It is not a complete navigation solution by itself. A magnetometer is sensitive to nearby ferrous metal, current-carrying wires, speakers, magnets, and board-level bias. For good heading, it needs calibration and a local magnetic declination correction if the goal is true north rather than magnetic north.
## What Each Example Actually Does
### `QMC6310_GetDataExample`
This is the basic bring-up example. It:
- Uses `setupBoards()` and the board I2C scan to discover the magnetometer address.
- Initializes the sensor.
- Configures continuous measurement mode.
- Prints compensated values and raw values for X/Y/Z to serial.
This is the best starting point for an exercise whose first goal is "show me live data."
### `QMC6310_GetPolarExample`
This example is the smallest heading-oriented demo. It:
- Reads magnetometer data.
- Converts the reading to a polar heading.
- Applies a declination correction.
- Prints heading, Gauss, and microtesla values.
This is useful once raw axis data is already trusted.
### `QMC6310_CompassExample`
This is a user-interface example. It:
- Reads X/Y values.
- Computes a heading with a hard-coded declination.
- Draws a compass arrow on the OLED.
- Also emits debug values on serial.
This demonstrates a real-time visual display, but it is still only as good as the underlying calibration.
### `QMC6310_CalibrateExample`
This example computes hard-iron offsets by watching the min/max raw values while the board is slowly rotated. It then applies:
- `x_offset = (x_max + x_min) / 2`
- `y_offset = (y_max + y_min) / 2`
- `z_offset = (z_max + z_min) / 2`
Those offsets are passed to `qmc.setOffset(...)`, after which subsequent readings are shifted by those values.
This is a runtime calibration aid, not a persistent factory calibration workflow.
## Calibration: Does It Need To Happen Every Boot?
Short answer: no, not if you save the offsets somewhere and re-apply them at boot.
Important detail from the local driver:
- `setOffset(...)` only stores offsets in the driver object's RAM.
- The offsets are not written into nonvolatile sensor storage.
- `begin(...)` calls `initImpl(...)`, and `initImpl(...)` performs `reset()`.
Implications:
- A normal reboot loses the offsets unless your firmware stores them elsewhere.
- Removing main power loses them.
- Keeping a battery attached does not make these software offsets persist in the magnetometer.
- If the board environment has not changed, you do not need to physically recalibrate at every boot, but you do need to reload previously measured offsets from persistent storage.

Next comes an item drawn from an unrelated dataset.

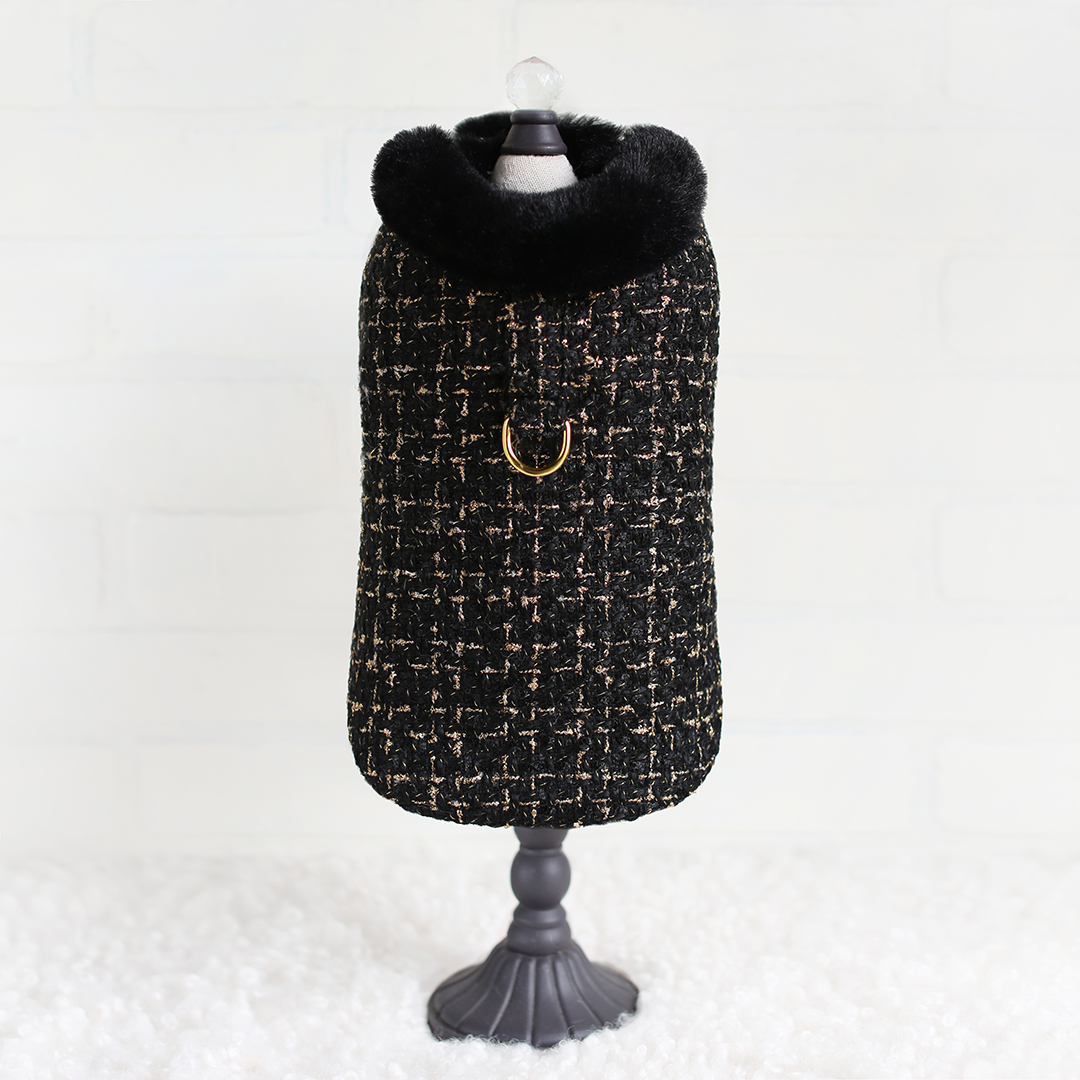 Your precious pooch will look regal in the Chantel Tweed Dog Coat by Hello Doggie. Our new coat collection was released just in time for the fall/winter season. When designing this coat we had the pooch in mind, our fur babies get cold too while they're out on the town for holiday shopping or a walk in the park. The coats are made from a beautiful soft tweed fabric and are lined with faux fur for a timeless design  and to keep out that extra chill. These coats are perfect to pair up with your favorite Hello Doggie sweater, featuring adjustable velcro straps for a perfect fit when adding layers. It is easy to care for, delicate wash with no softener or bleach and air dry. Our coats are fashionable and most importantly comfortable to wear. Each Coat has a matching harness, sold separately. Limited Edition MSRP $84.00 * Coats are handmade sizes may vary slightly. Made in USA.

Recommended practice for this exercise:
- Add a one-time calibration mode.
- Save the resulting offsets in persistent storage on the ESP32.
- Re-apply offsets automatically at startup.
- Re-run calibration only when the enclosure, mounting, nearby wiring, or magnetic environment changes.
## Declination Offset
Declination is separate from magnetometer calibration.
- Calibration removes local sensor bias and board-level hard-iron offset.
- Declination converts magnetic north into true north for a specific latitude, longitude, and date.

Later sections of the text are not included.